I've found the same. But I wish they go deeper into the topics with more details and examples. Don't make it slower just for more audience (same type of surface level content is all over the place) !

@@joeeeee8738 yeah, it’s just that there is a looooot to talk about. So I guess we will try to pick an even more specific topic in group theory and give a bunch of examples

The classification theorem deals specifically with finite simple groups, not all finite groups. Emphasis on simple here. The simple groups have been completely classified, but finite groups in general (which can be built from these simple groups in more complex ways) are not fully classified. Hope that makes sense! :)

@@dibeos Not really, to "describe them all" we just construct all products of simple groups. We cannot easily see which one of those are isomorphic, be in that way we do describe them all! We just may get duplicates. So we could perhaps say that we are missing a unique standard way to describe each finite group as a product of simple groups in just one preferred way. (But I think the statement in the video suggests that it's worse than that... that's why I asked. 😇)

@@JosBergervoet > to "describe them all" we just construct all products of simple groups No, you can glue finite simple groups together in many different ways. A product is just one way of gluing groups together. It's very difficult to figure out what all the ways of gluing two groups together are.
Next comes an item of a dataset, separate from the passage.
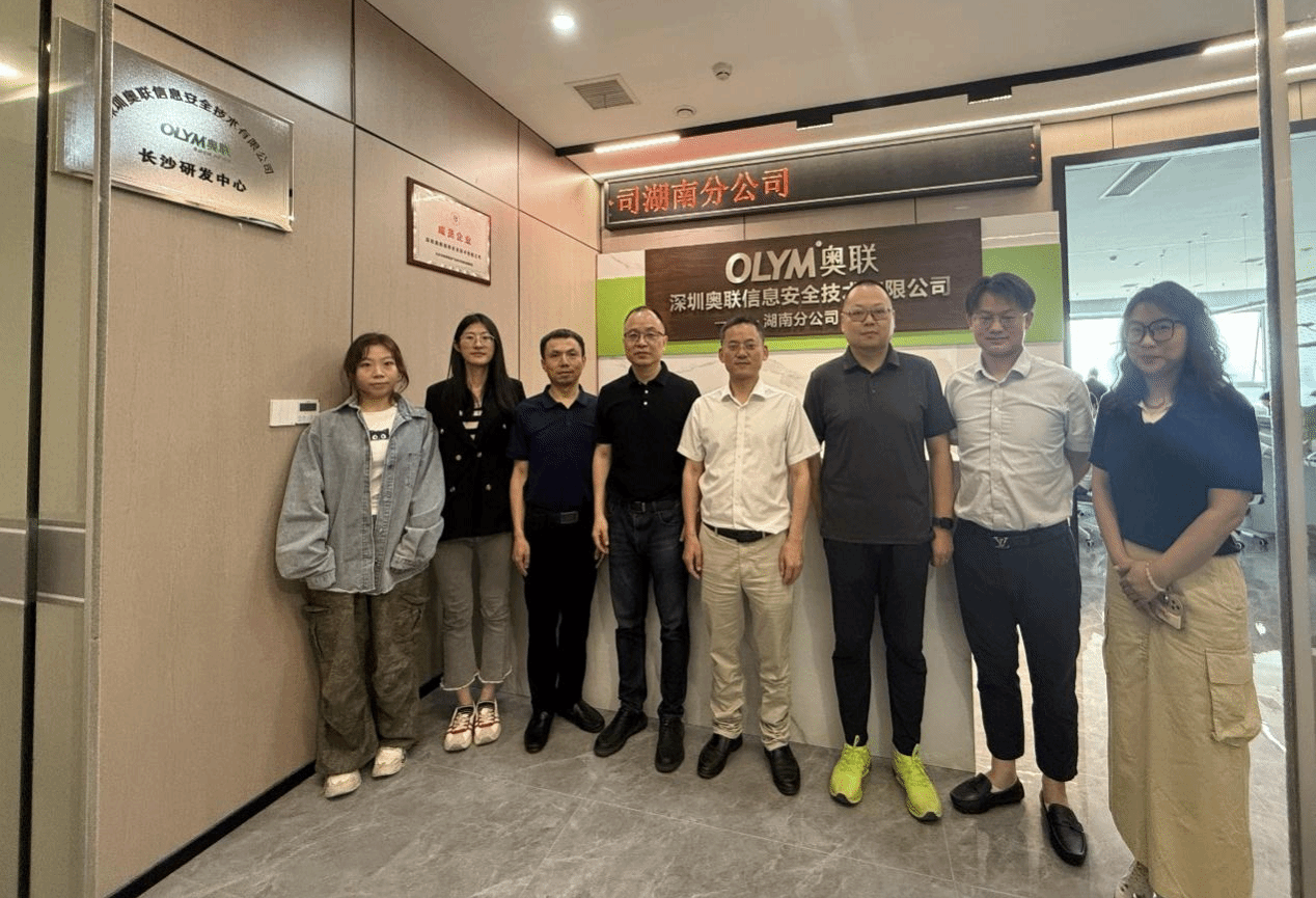 在深圳奥联湖南分公司,总经理周平陪同参观了企业展示中心。座谈会上,周平重点阐述了校企合作在商业密码人才培养、横向课题申报及师资培训等方面的重要意义,并提出合作意向。杨恒伏表示,学院期待与企业在创新人才培养和科研成果转化方面建立长期合作机制。双方围绕密码技术应用创新、产教融合等议题进行了深入探讨。

@@logosecho8530 Then to avoid calling it a "product" of groups, let's say that every finite group has a composition series, en.wikipedia.org/wiki/Composition_series#For_groups . That's still gluing finite simple groups together, as you call it, so it still leaves unclear what we are missing: is there fear that we don't get all finite groups in that way? We could even go completely back to basics: every finite group can be "described" by its multiplication table. So some (tedious) procedure could just generate them all. As viewers of the video we are of course curious to know: what are we missing? What more would mathematicians desire after the classification? It sounds like something is finished (nicely explained in the video!) and something is still missing, but there we are left in the dark, which of course makes this second point unbearably intriguing... You will need to make a follow-up video!

Could one compare the sitation to atomic physics and chemistry? Being able to describe the behaviour of all types of single atoms does not mean that one can also describe the behaviour of all molecules.